The change was made to "With a view to establish and improve the socialist market economic system in China, enable the market to fully play its role in resource allocation as well as to put in place and further strengthen the managed floating exchange rate regime based on market supply and demand" the bank said."RMB will no longer be pegged to the US dollar and the RMB exchange rate regime will be improved with greater flexibility."
This is a small step onto a very long path.
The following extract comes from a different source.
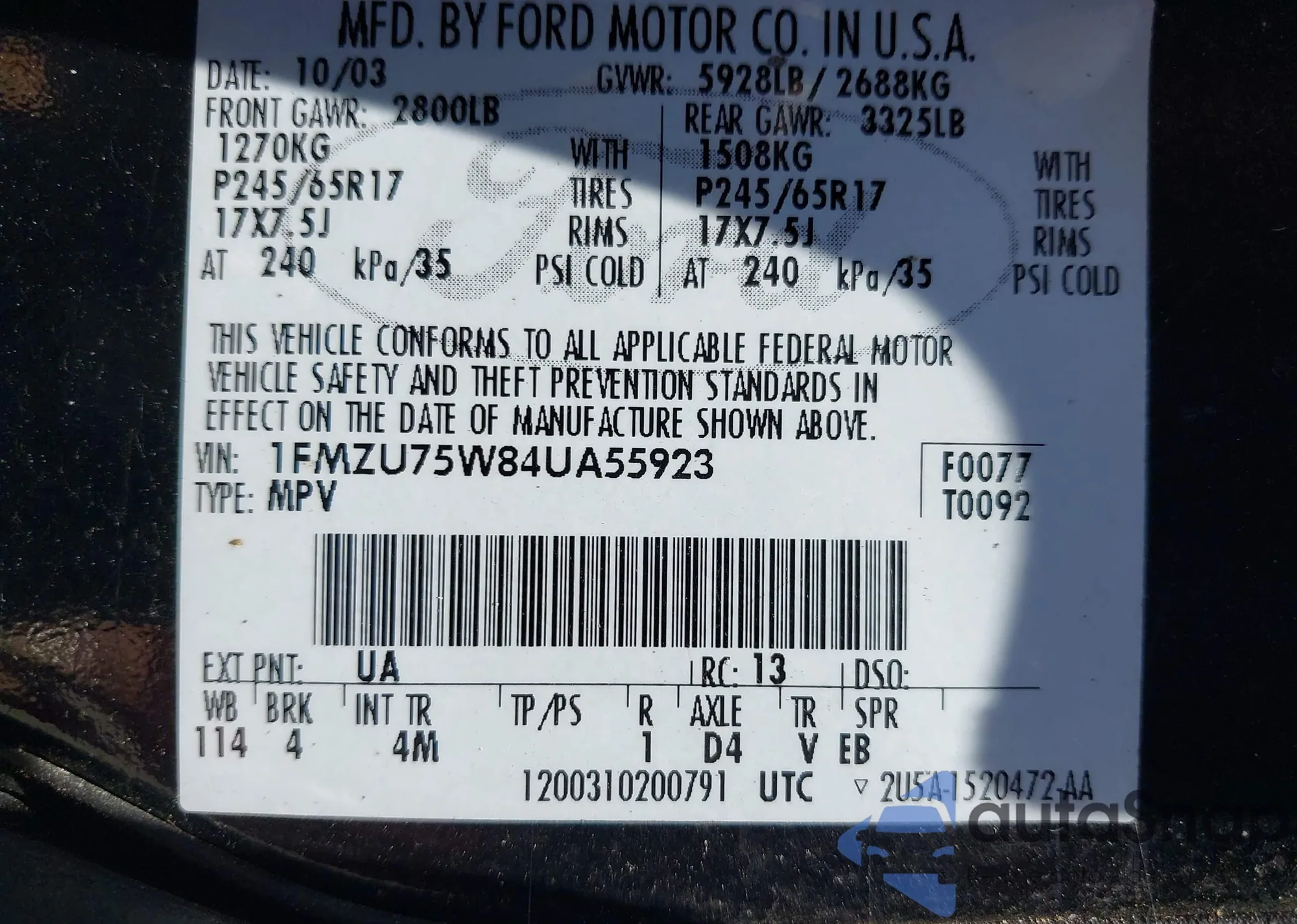 • VIN 1FMZU75W84UA55923

At the end of it, China will be a fully integrated market economy, and the yuan will be freely floating.
But that may be decades away, and in the meantime, China's low labour costs will maintain its hyper-competiveness in export markets.
And maybe it's good that it is only a tiny first step. The Globalist argues that the yuan has been held artificially low by massive china purchases of US bonds, to support the value of the $US. If the yuan is a genuinely floating currency, the support would disappear, with chaotic consequences.*


----------



## DTM (26 July 2005)

Some good discussion regarding what's happening to the Yuan and what could happen to USD.

Hope you enjoy it.

http://online.wsj.com/public/article/0,,SB112195421057192103,00.html


----------



## TjamesX (26 July 2005)

An interesting article on the whole US Defecit situation with China and how it may unravel;

http://pages.stern.nyu.edu/~nroubini/papers/BW2-Unraveling-Roubini-Setser.pdf

Note: this is not for the faint hearted, I didn't read it all - if you want a summary read the conclusion

TJ


----------



## DTM (26 July 2005)

***Growl....Grooowl.....GROOOWLLL..***

Sounds like the bears may be coming out of hibernation.  

In all seriousness, if the revauation is going to result in inflation in the US, it should do the same here.  
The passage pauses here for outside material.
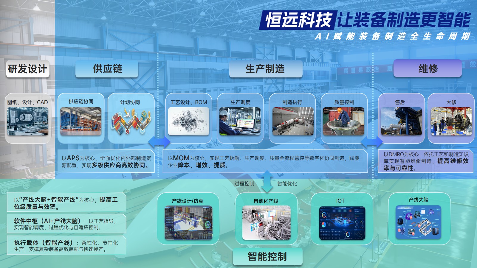 基于智能制造核心能力,恒遠科技橫向延伸打造裝備全生命周期總集服務,構建產(chǎn)業(yè)鏈數(shù)字化協(xié)同平臺與覆蓋設備大修維護的全維運維保障體系,形成貫穿研發(fā)設計、供應鏈協(xié)同、生產(chǎn)制造到售后維修的完整價值鏈。
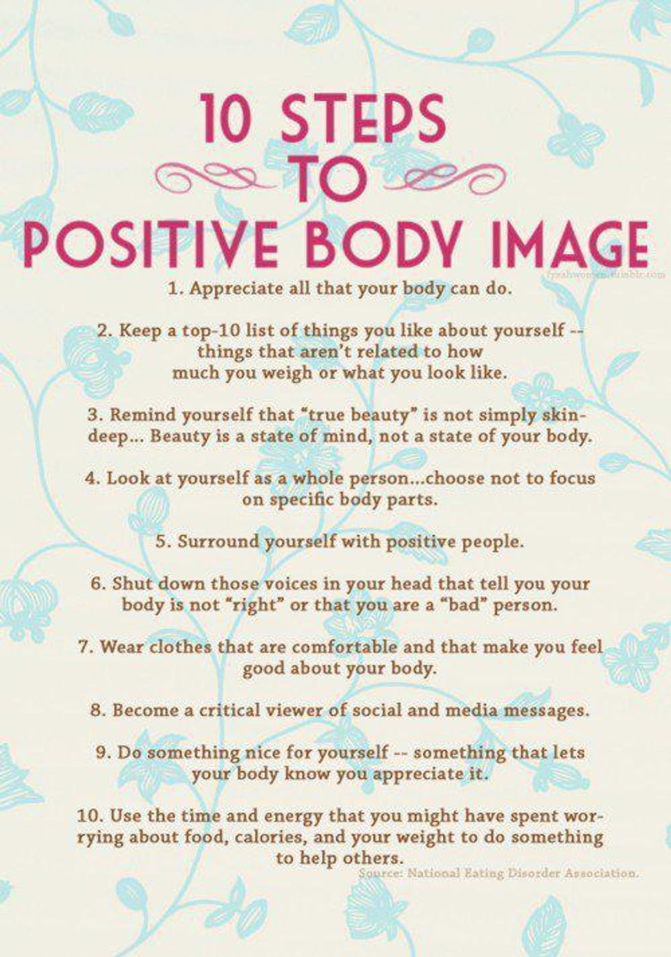 Now, I’m not saying that people shouldn’t be proud of their weight loss journey. What I’m saying is that these “motivational” posts can reveal negative messages and glorify the idea of being thin. Some of these posts do not encourage body positivity, body acceptance and healthy self-image. Often, they promote that our size and weight defines who we are.

Interest rates here could be going up because I think we are already on the upper limits of the Reserve Banks inflation band.


----------



## excalibur (27 July 2005)

With all the gold that China has, no wonder that the price of gold went up with the currency.
I am sure that the US is going to take profit of this to lower their deficit.
I am curious to know what the americans are up to now, having put the chinese under such pressure.


----------



## bigdog (5 August 2019)

Australia's *S&P/ASX 200 closed 1.9 per cent lower* and *Hong Kong's Hang Seng index is currently down nearly 3 per cent* after equity markets baulked at China's decision to let its yuan devalue below a key level against the US dollar. Around 11.15am local time the Chinese off-shore currency, the yuan, dropped below the 7-yuan-for-$US1 for the first time.


----------



## sptrawler (5 August 2019)

bigdog said:


> Australia's *S&P/ASX 200 closed 1.9 per cent lower* and *Hong Kong's Hang Seng index is currently down nearly 3 per cent* after equity markets baulked at China's decision to let its yuan devalue below a key level against the US dollar. Around 11.15am local time the Chinese off-shore currency, the yuan, dropped below the 7-yuan-for-$US1 for the first time.



I guess it's going to be a game of how low can they go?


----------